If we “add” a factor on \(k\) levels the model matrix gets \(k-1\)
additional columns. These are dummy variable encodings of the
levels of the factor. The precise encoding is controlled by
the contrasts.arg
argument to model.matrix
(the contrasts
argument to lm
) or by setting the contrasts associated with
a factor.
model.matrix(a ~ b + c)[1:10, ]
## (Intercept) b cB cC
## 1 1 0.97806 0 0
## 2 1 -0.06564 1 0
## 3 1 -0.41319 1 0
## 4 1 -1.19396 0 1
## 5 1 1.11093 0 1
## 6 1 0.09952 1 0
## 7 1 1.34418 1 0
## 8 1 -0.72335 0 1
## 9 1 1.17599 0 0
## 10 1 -1.82327 0 0
### We change the base level to be level 3 (value "C")
contrasts(c) <- contr.treatment(levels(c), base = 3)
model.matrix(a ~ b + c)[1:10, ]
## (Intercept) b cA cB
## 1 1 0.97806 1 0
## 2 1 -0.06564 0 1
## 3 1 -0.41319 0 1
## 4 1 -1.19396 0 0
## 5 1 1.11093 0 0
## 6 1 0.09952 0 1
## 7 1 1.34418 0 1
## 8 1 -0.72335 0 0
## 9 1 1.17599 1 0
## 10 1 -1.82327 1 0
In formulas, the arithmetic operators *
and ^
together with
:
have special meanings.
b * c
is equivalent b + c + b : c
b : c
formulates the interaction model.(a + b + c)^2
is equivalent to (a + b + c) * (a + b + c)
is equivalent to a + b + c + a : b + a : c + b : c
, etc. model.matrix(a ~ c + b : c)[1:10, ]
## (Intercept) cA cB cA:b cB:b cC:b
## 1 1 1 0 0.9781 0.00000 0.0000
## 2 1 0 1 0.0000 -0.06564 0.0000
## 3 1 0 1 0.0000 -0.41319 0.0000
## 4 1 0 0 0.0000 0.00000 -1.1940
## 5 1 0 0 0.0000 0.00000 1.1109
## 6 1 0 1 0.0000 0.09952 0.0000
## 7 1 0 1 0.0000 1.34418 0.0000
## 8 1 0 0 0.0000 0.00000 -0.7234
## 9 1 1 0 1.1760 0.00000 0.0000
## 10 1 1 0 -1.8233 0.00000 0.0000
model.matrix(a ~ b * c)[1:10, ]
## (Intercept) b cA cB b:cA b:cB
## 1 1 0.97806 1 0 0.9781 0.00000
## 2 1 -0.06564 0 1 0.0000 -0.06564
## 3 1 -0.41319 0 1 0.0000 -0.41319
## 4 1 -1.19396 0 0 0.0000 0.00000
## 5 1 1.11093 0 0 0.0000 0.00000
## 6 1 0.09952 0 1 0.0000 0.09952
## 7 1 1.34418 0 1 0.0000 1.34418
## 8 1 -0.72335 0 0 0.0000 0.00000
## 9 1 1.17599 1 0 1.1760 0.00000
## 10 1 -1.82327 1 0 -1.8233 0.00000
Transformations can be achieved by formally applying an R function to a variable in the formula specification.
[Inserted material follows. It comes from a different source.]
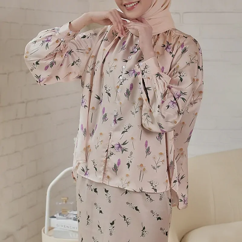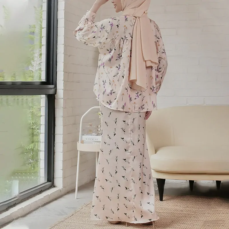 SIPO Eid 2024 Malaysia Muslimah Perempuan Flora Print Kurung Peach Cream Dress Modern Baju Kurung
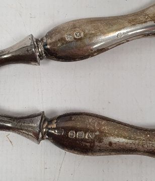 Early 20th century silver-mounted trumpet-shaped vase, Chester 1911, 20cm high, some silver-handled glove stretchers and a small circular silver trinket box (3)

Expansions can be achieved if the R function returns a matrix and not a vector when applied to a vector.
library(splines)
model.matrix(a ~ ns(b, df = 4))[1:10, ]
## (Intercept) ns(b, df = 4)1 ns(b, df = 4)2 ns(b, df = 4)3 ns(b, df = 4)4
## 1 1 0.32211 0.52372 0.1935 -0.039356
## 2 1 0.73183 -0.03776 0.1819 -0.106691
## 3 1 0.52349 -0.13980 0.3406 -0.199725
## 4 1 0.13281 -0.19563 0.4730 -0.277369
## 5 1 0.24933 0.54597 0.2180 -0.013306
## 6 1 0.77739 0.03664 0.1247 -0.073106
## 7 1 0.14966 0.53770 0.2558 0.056891
## 8 1 0.32753 -0.18489 0.4470 -0.262136
## 9 1 0.21809 0.54945 0.2292 0.003281
## 10 1 0.01983 -0.13094 0.3166 -0.185648
Before you run the next expression in R, try to answer the following question on the basis of what you have learned.
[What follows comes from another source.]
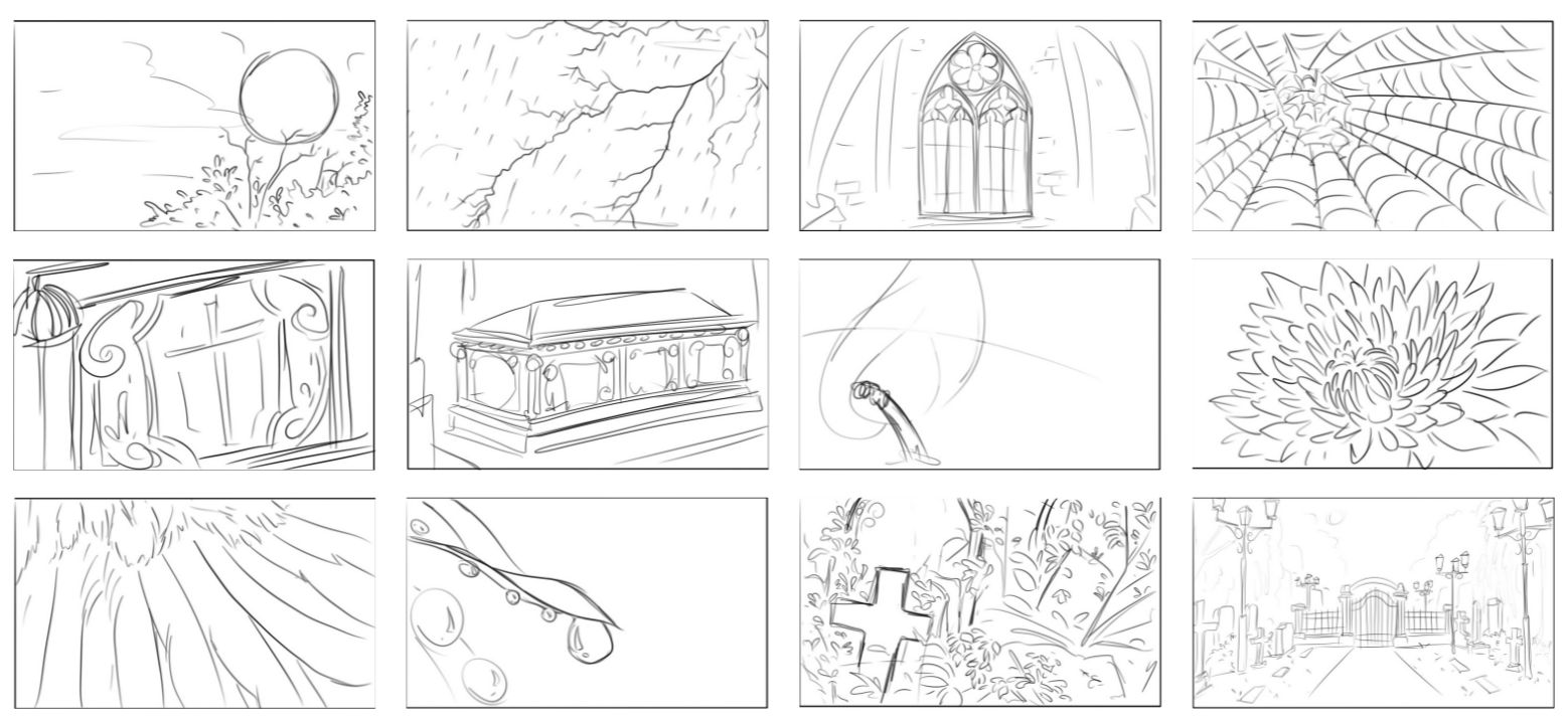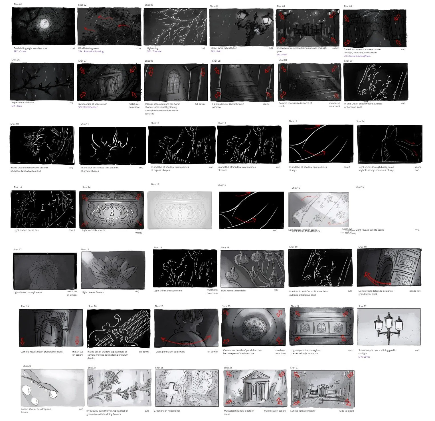 The original storyboard needed more of a narrative. All these aspect shots were creating a spectacle, a cemetery wallpaper. A visual metaphor would be needed to drive the scenario.

How many columns will the model matrix have? Explain and interpret what they mean.
model.matrix(a ~ ns(b, df = 4) * c)[1:10, ]
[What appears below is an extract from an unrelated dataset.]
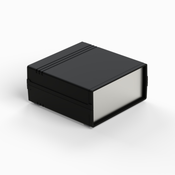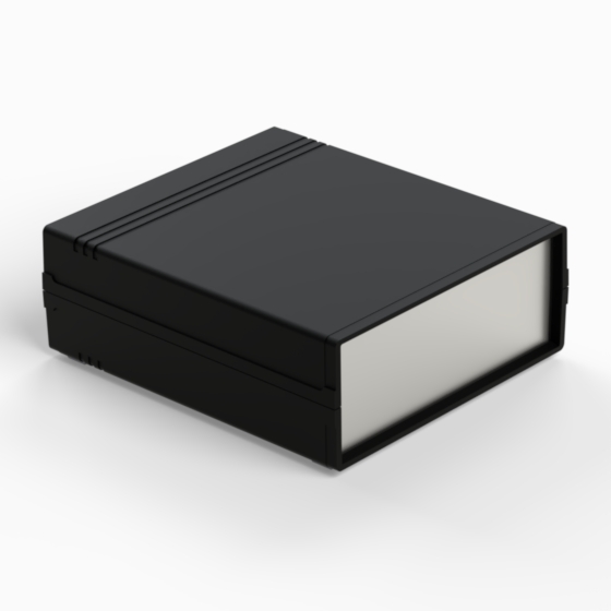 Contenitore in ABS con superfici opache e pannelli in alluminio di spessore 1 mm. All’interno sono presenti guide e punti di fissaggio per PCB. Chiusura con due viti. Il contenitore può essere dotato di pannelli in ABS di colore grigio chiaro (codice colore .13). Versione pannello in plastica: 011P, 012P, 022P, 222P, 223P, 233P.

Using the model matrix, or rather the formula, from above, we fit a linear model.
aLm <- lm(a ~ ns(b, df = 4) * c)
muHat <- predict(aLm)
qplot(b, a, color = c) +
geom_line(aes(y = mu), linetype = 2) +
geom_line(aes(y = muHat))
The predicted values from the model are estimated and plotted as curves. The dashed curves are still the true means.